Could you say more about that? I don't think of it as patronage and I agree with this statement:
"Corporations only pay you money to exert your brain towards some goal." but in my experience you can go to a corporation and say "I'm really interested in working on <this thing>, are you interested in that sort of stuff?" And if they are they'll start paying you money to explore that thing with them. I did exactly this the first time I "retired", I'm really fascinated by software defined radio and I was exploring how it works and what one could do with it and a friend said, "I'm working at a company that needs help understanding how to do repeatable software and they are doing a lot of SDR work." Which led to a conversation with the CEO that led to a job offer where I helped their software teams get better and I got to use the multi-million dollar RF lab to continue my explorations. Granted my role was "technical leader" and not "programmer" but how I spent my time was a joint agreement between the company leadership and my interests. I wouldn't expect a company doing accounting software to pay me to design SDRs of course.
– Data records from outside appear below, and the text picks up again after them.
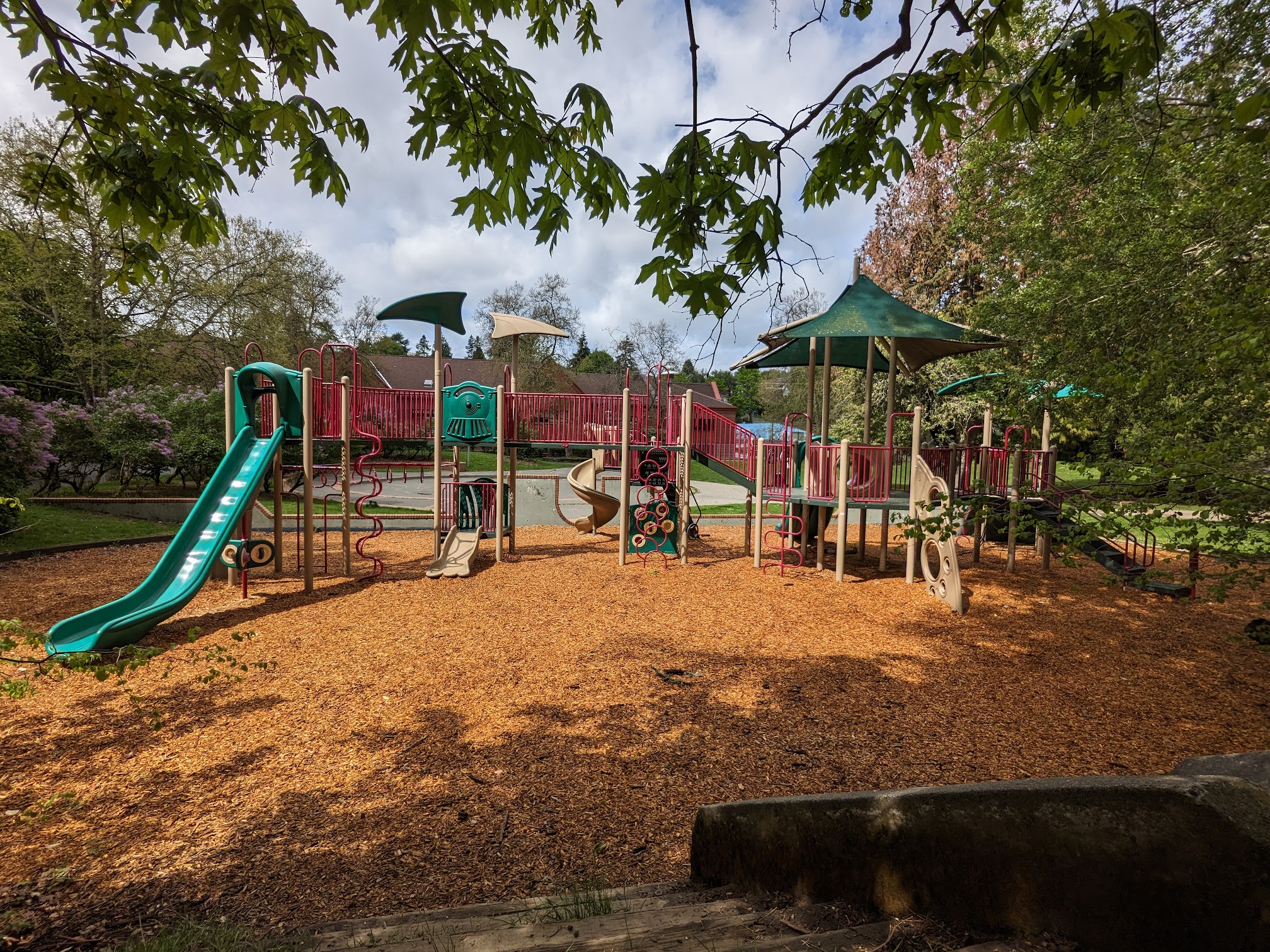 Great park for preschool/early elementary age kids, especially on summer days when the wading pool is open (Mon/Tues this year). The playground is somewhat shaded, there are woods to explore behind the playground, and there is a wading pool. The park has a decent amount of shade. Bathrooms are totally fine by public park standards.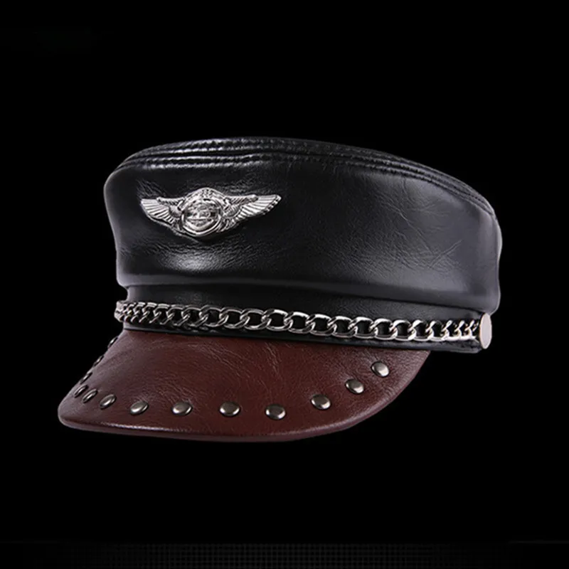 Product Name: SILOQIN prawdziwy skórzany kapelusz elegancka skóra bydlęca wojskowe czapki dla mężczyzn kobiety osobowość czapki hip hopowe czapka typu snapback płaska czapka Unisex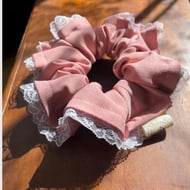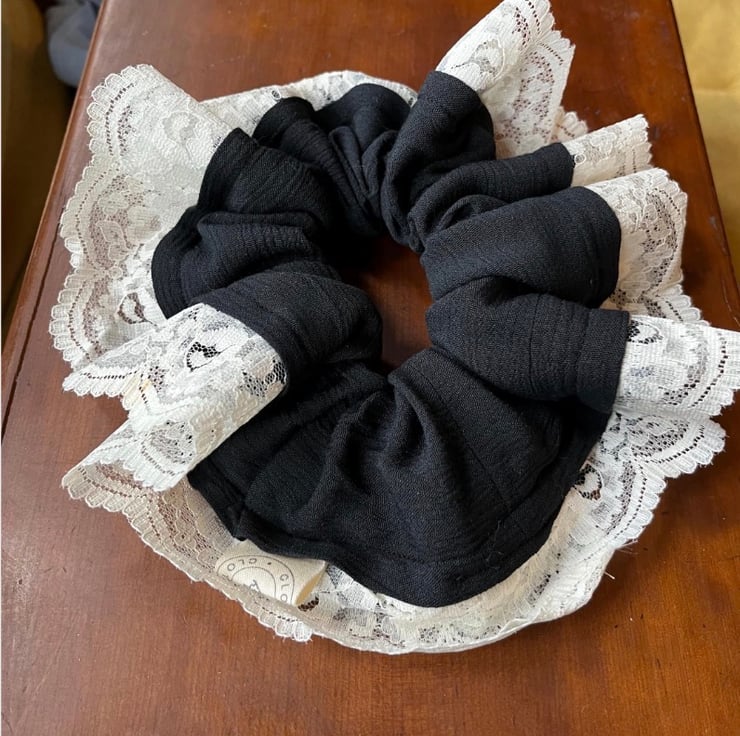 A timeless little treasure with a soft, romantic edge. This oversized black cotton scrunchie is simple and classic at heart, finished with delicate white lace trim for a touch of vintage charm.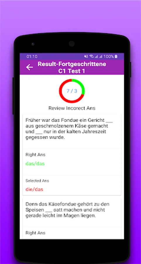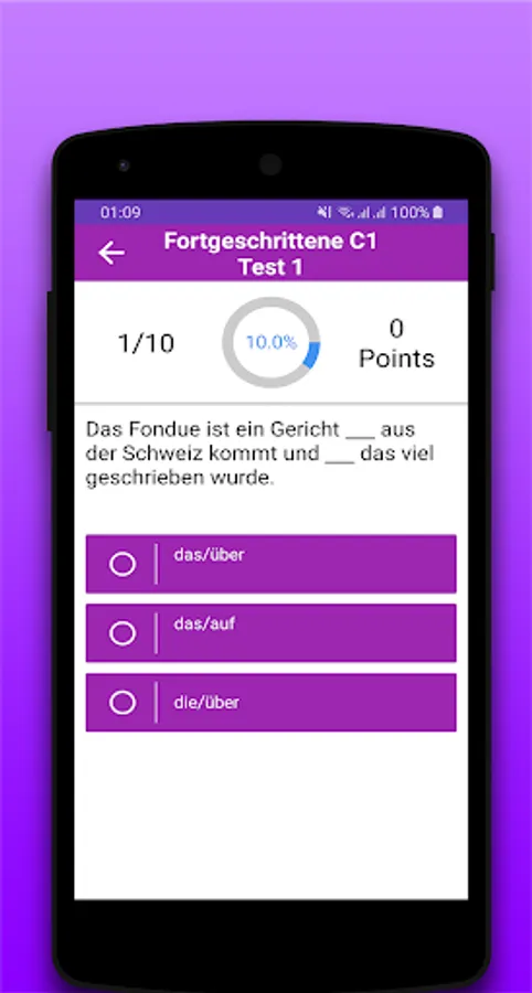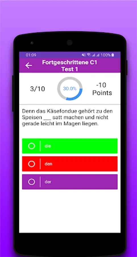 In this app German exercises for advanced C1 you can learn German comfortably on the way or from home. The concept of this German course is modern overviews and exercises. Choose your German B2 and learn german grammar for free.

And if you passion is something completely different then that can be the case too. A executive I met at IBM retired and has gone head first into their actual passion which is art history. They didn't major in it at school or try to get a job in it because those jobs didn't pay them what they wanted but now that they are retired they are spending their time in libraries and museums all over the place digging into the nuances of various bits of art. Are they "working"? Yes in the sense that they are doing the same thing they would have done if someone had hired an art history major apparently :-).